Regular readers may have noticed that my race have been getting longer, and as a consequence, also getting later. So for the next few races, I want to try something different. On Sunday night, I will be posting my initial thoughts and reactions in bullet point form. Later in the week – late Monday or early Tuesday – I will be posting a full, in-depth race report, trying to cover as much as possible. The initial thoughts will be for MotoMatters.com subscribers, the full race report will be for all readers. Send me your thoughts on this change to firstname.lastname@example.org.
The winner of this race has not been in doubt since FP1. Marc Márquez had half a second on the rest of the field in practice, and that translated almost directly to the race. He built a lead of 6 seconds in 8 laps. Nobody was going to catch him here.
Márquez takes over the lead of the championship, and we're heading to Austin. Márquez has never been beaten in a MotoGP race on US soil. History says he will return to Europe with a bigger lead than he has now. That puts him in good shape to kick off the championship.
If the victor was a foregone conclusion, the battle behind him was superb. For most of the race, there were between five and eight riders in contention for the podium. There are lots of ways to go fast around the Termas De Rio Hondo circuit, and the battle for second epitomized that. At places like Turn 7, Turn 13, you could see the variety of lines, all of which worked. It's a great track, which doesn't get used enough.
How close was the field? All six manufactures finished in the top ten, though there was an element of luck involved. If Franco Morbidelli doesn't take out Maverick Viñales – a race incident, as Viñales characterized it, no malice intended – then it would be six manufacturers in the top twelve. And from Valentino Rossi in second to Pol Espargaro in tenth, there were less than 16 seconds. That is a tight field.

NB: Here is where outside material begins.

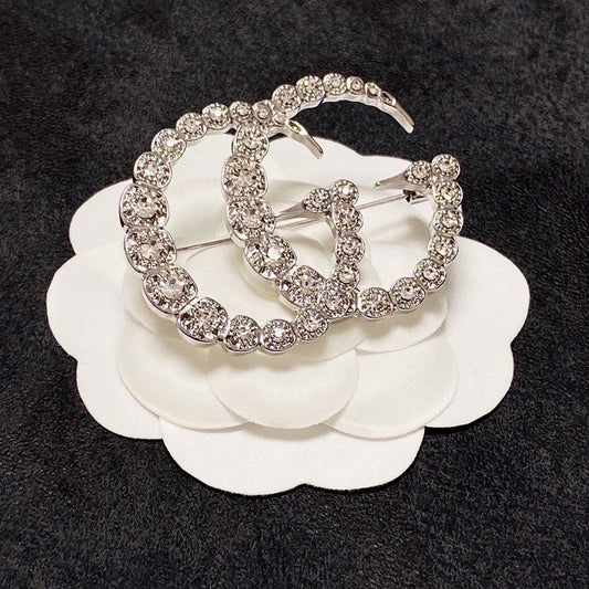 18K Double G Color Crystal Brooch

Valentino Rossi demonstrated the value of a solid qualifying position. After an outstanding race at Qatar, ruined by the fact he had to start from fourteenth, starting from the second row put him in a much better position to get back on the podium for the first time the Sachsenring last year. "It was crucial," Rossi said in the press conference. "The qualifying is always very difficult because really everybody are able to squeeze the tire and the bike 120% for one lap. If you do 110%, you are in the third row. So starting from the second row is a lot better, but also because I arrive ready. I arrive ready to the qualifying because I have already good pace."